What to produce
Output exactly, and only, the lines below from the one with "Examination Schedule Change" down to the one with "In the intricate". Include both end lines and no pictures.
(Beginning of Task data)
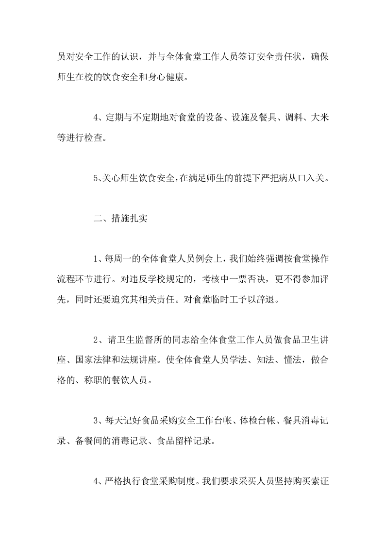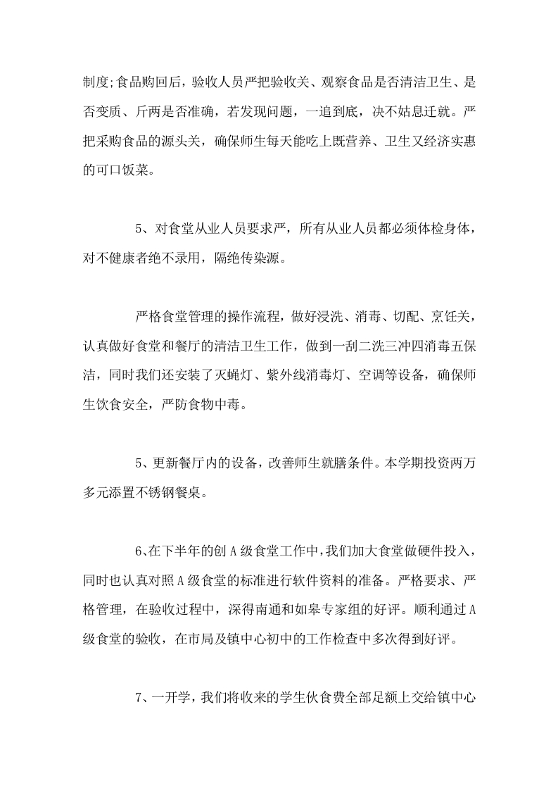 分管(食堂)学校工作总结有待今后工作中去改正、去充实,更加完善我们的食堂工作,使我校的食堂管理更上一个新台阶。晨晨老师前天发布关注私信16.50KB4页02915 以下为资料部分截图预览,下载后为超高清原文件。 第1页 / 共4页 第2页 / 共4页 第3页 / 共4页 试读已结束,还剩1页,您可下载完整版后进行离线阅读 加入VIP,享海量教务资料,无限制免费下载所有材料 分管(食堂)学校工作总结有待今后工作中去改正、去充实,更加完善我们的食堂工作,使我校的食堂管理更上一个新台阶。此内容为付费资源,请付费后查看¥9.9¥15.9VIP会员免费代理(享70%分佣)免费立即购买您当前未登录!建议登陆后购买,可保存购买订单付费资源© 版权声明文章版权归作者所有,未经允许请勿转载。THE END综合资料 文本预览 牢固树立全心全意为师生服务的意识。切实做好食堂工作的每一个环节,把学校食堂安全工作列为头等重要大事来抓,明确责任,层层落实。回顾一学期来,我校在上级主管部门、镇卫生所及学校的正确领导下,始终把学校食堂安全工作放在各项工作之首,重中之重。本学期,我们的做法具体如下:一、领导重视1、学校成立食堂安全管理领导小组,由校长亲自担任组长,副校长任副组长,成员由食堂负责人、会计及采买人和验收人担任。明确责任,分工到人,各负其责,校长负总责。定期召开食堂工作人员会议及采买人员、验收人员会议,研究部署学校食堂安全工作,制订安全工作计划,注重落实,狠抓过程管理,将安全隐患消失在萌芽之中。2、切实加强学校食堂安全管理。本学期定期对食堂工人、采买人员、验收人员进行安全培训,极大地了增强全体工作人员的安全知识和防范意识。3、加强对食堂工作人员的安全意识的教育,提高食堂工作人 查看更多 收起部分 喜欢就支持一下吧点赞15 分享QQ空间微博QQ好友海报分享复制链接收藏
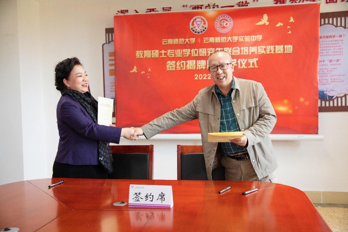 研究生院骆华松院长和实验中学李幼芹校长共同签署了《FUN乐天使官方网站与FUN乐天使官方网站实验中学共建教育硕士专业学位研究生联合培养实践基地协议》。
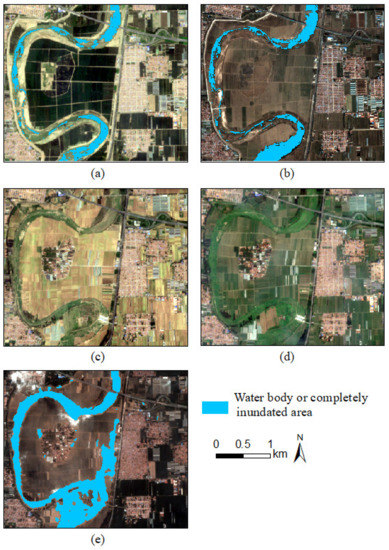 In this study, Sentinel-1 images and a threshold method are used to extract the completely inundated area. The modified soil adjusted vegetation index (MSAVI) difference, with an empirical threshold in [46], and the change detection and threshold method (CDAT) in [47], were used to assess the partly inundated area. MSAVI difference with an empirical threshold is first used to calculate the MSAVI differences between pre-flood and flooding periods, and then to extract the inundated area based on the MSAVI difference result and an empirical threshold. MSAVI can be calculated via Equation (7):
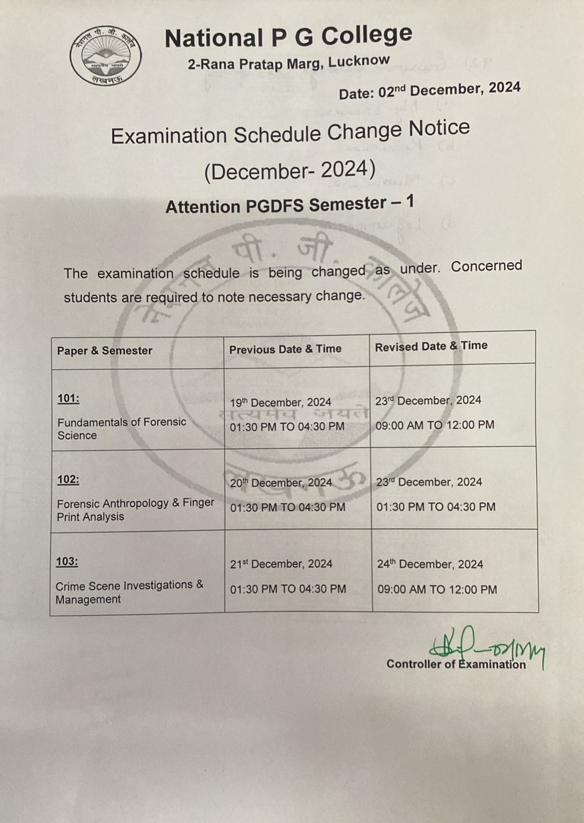 Examination Schedule Change Notice (DEC-2024) - PGDFS Semester -1
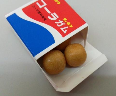コーラガムと言えば、いつもは包み紙に入った1個入りのタイプですが、こいつは4粒入ったマーブルガムであり、普通はガムのバラエティセットに含まれており、単体では販売していないようです。(例外としてドラえもんの柄のタイプがあるようです)
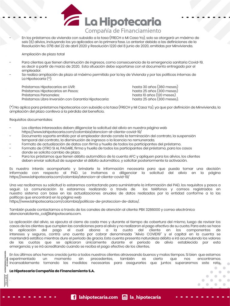 Escribanos a: comercial@lahipotecaria.com
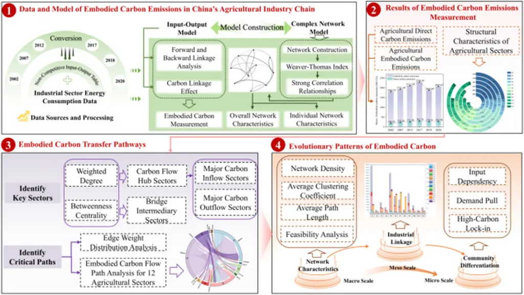 In the intricate web of China’s agricultural industry, a new study has illuminated the hidden pathways of carbon emissions, offering a roadmap for targeted emission reductions and a more sustainable future. Published in *Resources, Environment and Sustainability*, the research, led by Lehua Gao of the Marine Development Studies Institute of OUC, delves into the complex network of embodied carbon emissions within China’s agricultural sector, revealing patterns and structures that could reshape the industry’s approach to carbon management.
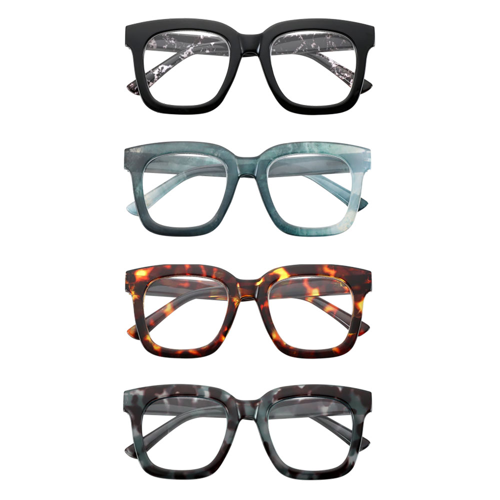 In pallbox da banco. Dispositivi medici certificati a marchio CE conformi alla norma EN 9001:2008, con autorizzazione Ministero della Salute. Testati da ‘Certottica’. Adatti per presbiopia, sono realizzati in leggero materiale organico iniettato, aste flessibili con meccanismo a molla. Lenti asferiche infrangibili ed ultrasottili, antigraffio ed antiriflesso. Completi di astuccio, confezionati in blister. Composizione box: 6 diottrie +1, +1,50, +2, +2,50, +3, +3,50 nelle 4 colorazioni disponibili nero marmorizzato, verde marmorizzato, tartaruga, tartaruga azzurro. Espositore da banco in cartone da 24 posti (cm 21x21x53 – lxpxh) omaggio.
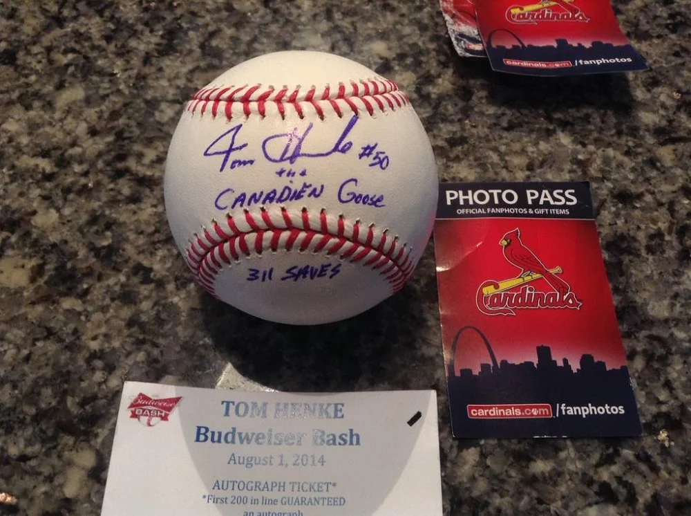 _ We know Tom Henke as “The Terminator” but apparently at some point during his career, people started calling him the “Canadian Goose.” I didn’t know this until I discovered this inscription on a baseball autographed by him. Presumably this nickname was dreamed up because he was a fireball closer like Goose Gossage that was pitching north of the border. It’s actually pretty creative, but I still prefer “The Terminator.”
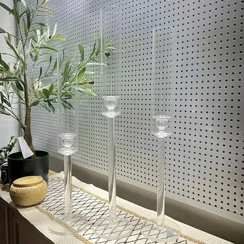 Acrylic Candle Holder for Table Centerpieces,Candlestick Holders for Wedding Living Room Decor, Use for Flameless Led Taper Cand
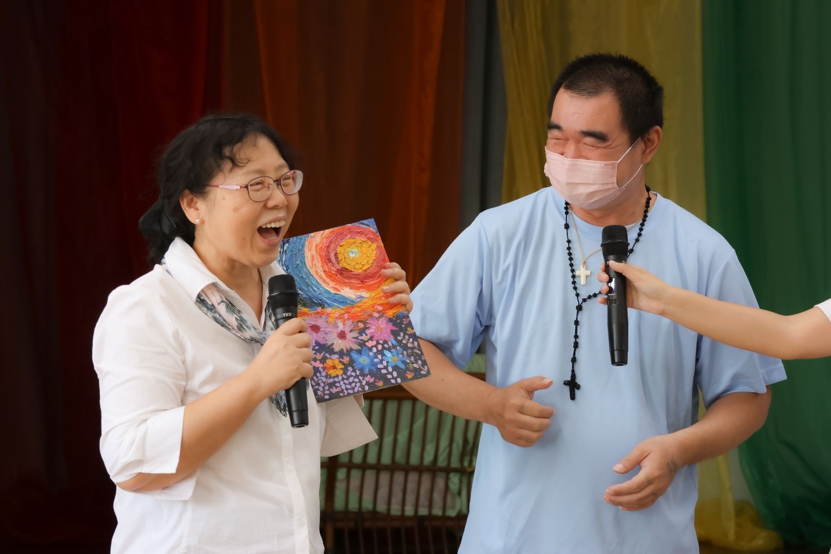 阿全以畫筆描繪一天的日常,從白日的湛藍天空、日落的橘紅晚霞到夜幕的黑夜,大地綻放滿滿碎花,是他在德蘭多年生活中所開出的「生命的花朵」,象徵夢想,太陽外圈使用多層次紅色,是想展現對生活的多樣期盼,也希望將正面歡樂的態度傳遞給更多人。
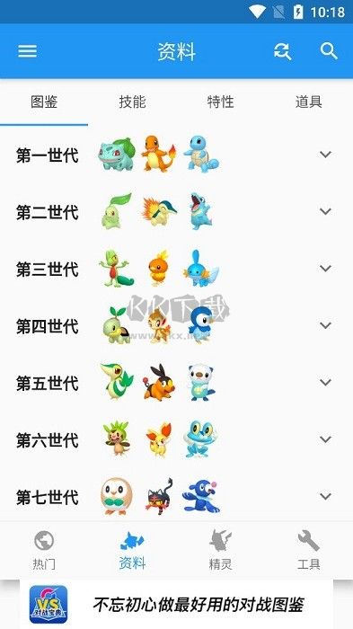 資料區(qū)包含圖鑒/技能/特性/道具,方便玩家查詢資料。
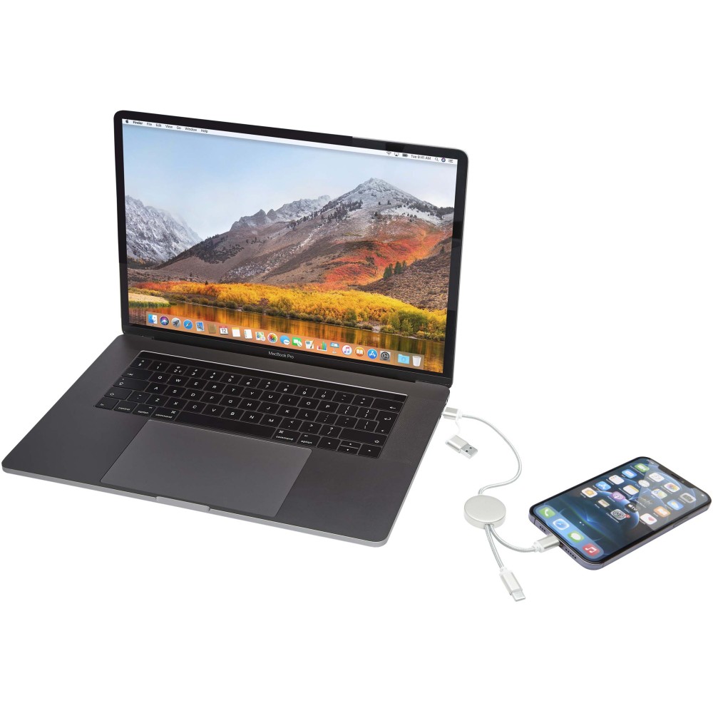 Az Alasia 5 az 1-ben adat- és 27W-os gyorstöltő kábel tartós és elegáns újrahasznosított alumíniumból és műanyagból készült. A kábel USB-A és Type-C bemeneti csatlakozókkal, valamint Type-C és Lightning/Micro USB kombinált kimeneti csatlakozóval rendelkezik. Az USB-A?USB-C kapcsolat maximális teljesítménye 27W, míg az összes többi kapcsolat maximális teljesítménye 15W. Kompatibilis a CarPlay és az Android Auto rendszerekkel. Akár otthon, az irodában vagy útközben használod, az Alasia kábel teljesítményt és stílust garantál. Kábel hossza: 30 cm. Emblémázás: Gravírozás
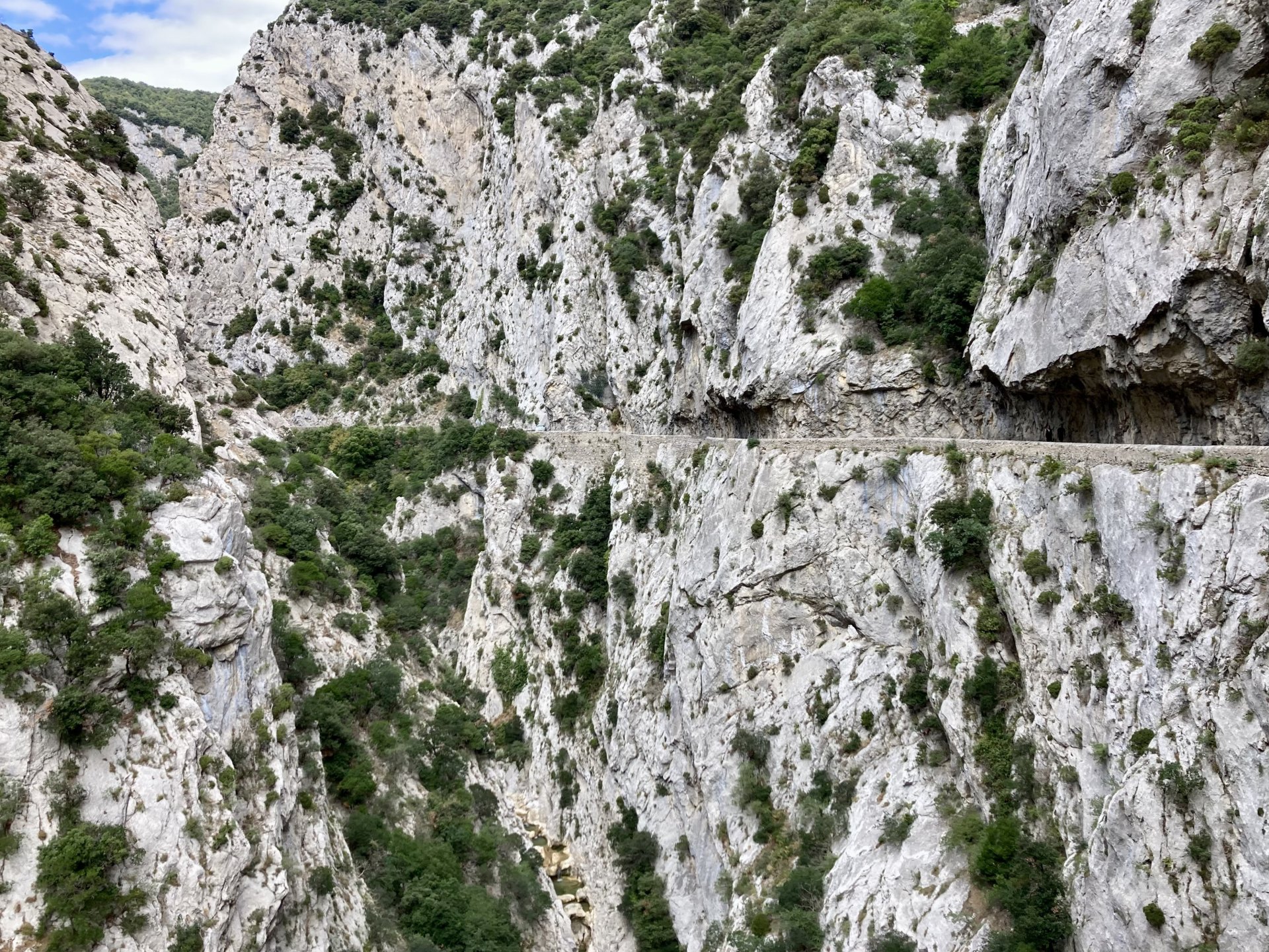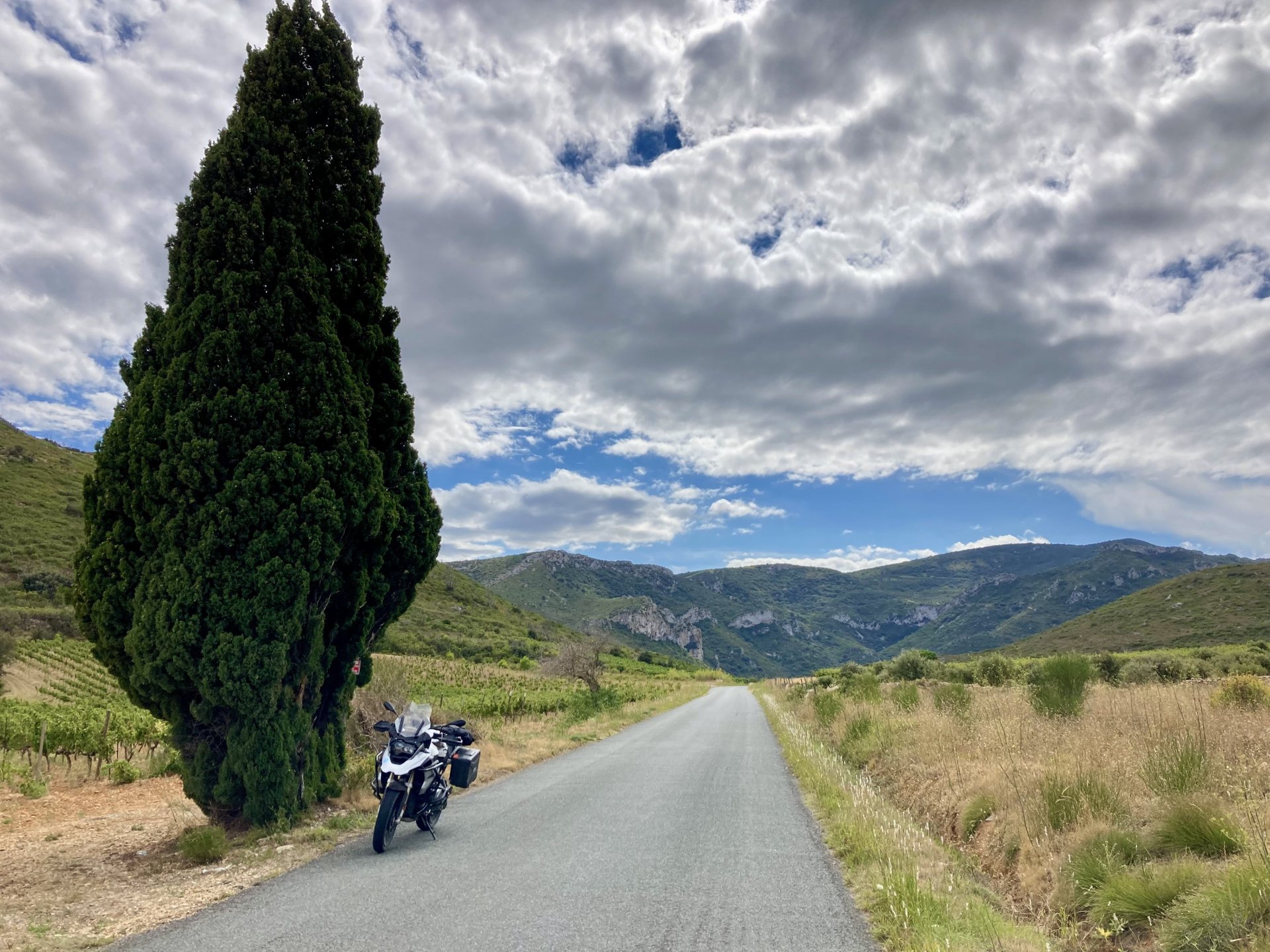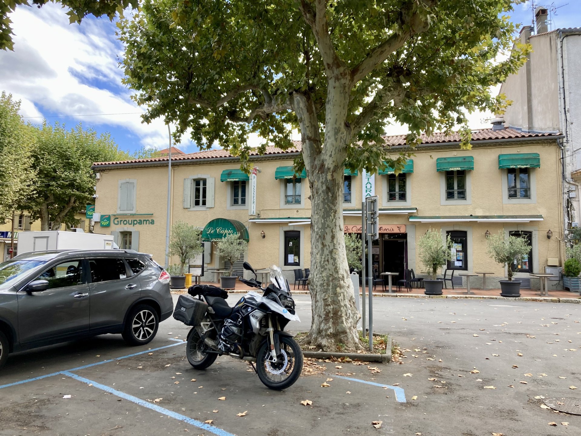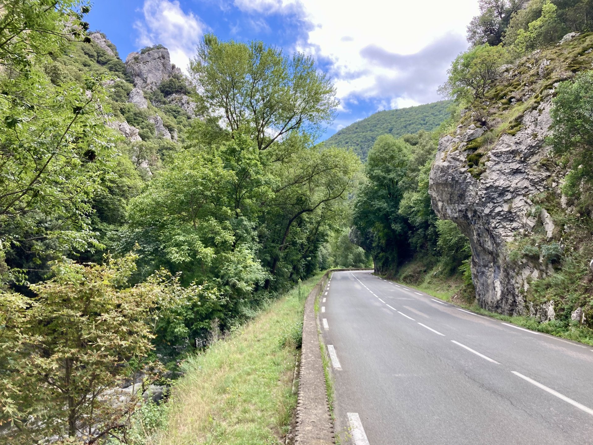 Woke up to a pleasantly cold but dry morning, put the luggage on the bike and made my way to the breakfast table, I needed a coffee and nothing else after the previous night's excesses. One of the Belgium madames was not having it and with a very stern look and a "non non non, monseur il aurait le petit croissant" put a croissant in front of me, so I had a croissant Left late, and was on the road at maybe 10. The next two hours would be some of the most bucolic simple beauty roads I have ever been on. Little traffic, perfect tarmac, blue skies replacing clouds, and green views. I left Lourdes heading east. And the Pyrenees behind me: Half an hour to 45 minutes into it, I stopped to look at a pretty castle, Chateau de Mauvezin. I didn't bother to go in as I wanted to make some progress today, while still spending the morning and some of the afternoon riding on small roads. Couldn't get more French than this. Stopped at Quillan to buy some water, and to see if there was a coffee to be had, but I think this is currently a sad town. Following the hint from @Tango in one of his ride reports, I was headed to the Gorges de Galamus, first riding on some main roads, quite wide to get there. They were quite the biker destination as several bikes were racing back and forth on the same bit of road. I took the hind and didn't pay much attention to speed limits either. Stopped to buy lunch, a peach and a few nuts, from a roadside vendor. Made some progress on a more or less open road And eventually rode through the Gorges de Galamus, the road is just lovely if just a little distance, but it was packed with hikers. Still interesting and I did enjoy it. Having approached the Mediterranean, the bad weather was definitely behind me and it was now hot. I stopped for a late lunch on the shade of a tree, had my peach and nuts, and decided on what to do next. It was now almost 16:00 and I still had some way to go before Carcassone, my stay for the next day would be in Milan. I could split it in two average journeys, or decide to do two proper days with a little bit of epic in between. I chose the second option as this was a biking holiday and I didn't feel like hanging around. Since @Tango knew I was riding near his home he had packed his things and ran away with the wife, far away where I couldn´t have a chance of meeting them, so I pointed the bike to Nice and hopped on a motorway, rode for a few hours with nothing but a stop to fuel and arrange accommodation, the 28º/29º warmth was welcomed after the previous two days weather. I made it to Vence, on the outskirts of Nice, by almost 22:00. Restaurants were closed so before I checked into one of the cheapest options in the area, I had a nice street pizza. For something made in the back of a truck, it turned out very nice. The hotel was old and seemed like a moroccan hotel of the kind that hasn't seen maintenance in 30 years, but the lady at the reception desk was lovely and had reserved me a little corner of the secure parking. Was a little tired, so after a shower I slept nicely with the window open.4 points
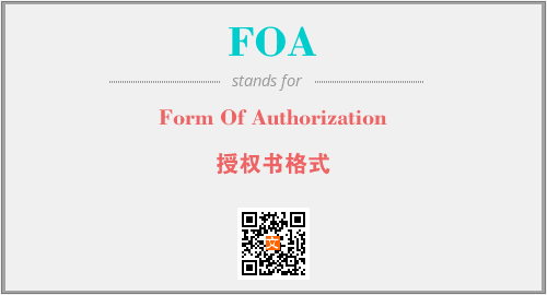 英文缩略词“FOA”经常作为“Form Of Authorization”的英文缩写来使用,中文表示:“授权书格式”。本文将详细介绍英文缩写词FOA所代表英文单词,其对应的中文拼音、详细解释以及在英语中的流行度。此外,还有关于缩略词FOA的分类、应用领域及相关应用示例等。
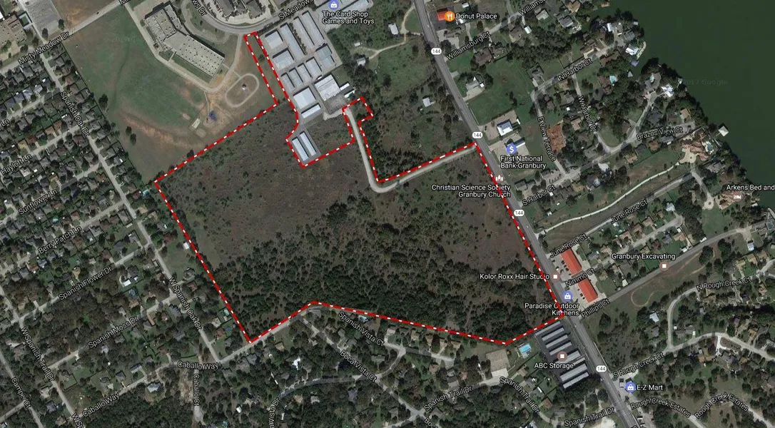 The Property has 1,200 feet road frontage on S. Morgan Street and 50 feet on S. Meadows Dr. It is not zoned but within the ETJ of the city of Granbury.
(End of Task data)
Response
 Examination Schedule Change Notice (DEC-2024) - PGDFS Semester -1
コーラガムと言えば、いつもは包み紙に入った1個入りのタイプですが、こいつは4粒入ったマーブルガムであり、普通はガムのバラエティセットに含まれており、単体では販売していないようです。(例外としてドラえもんの柄のタイプがあるようです)
 Escribanos a: comercial@lahipotecaria.com
 In the intricate web of China’s agricultural industry, a new study has illuminated the hidden pathways of carbon emissions, offering a roadmap for targeted emission reductions and a more sustainable future. Published in *Resources, Environment and Sustainability*, the research, led by Lehua Gao of the Marine Development Studies Institute of OUC, delves into the complex network of embodied carbon emissions within China’s agricultural sector, revealing patterns and structures that could reshape the industry’s approach to carbon management.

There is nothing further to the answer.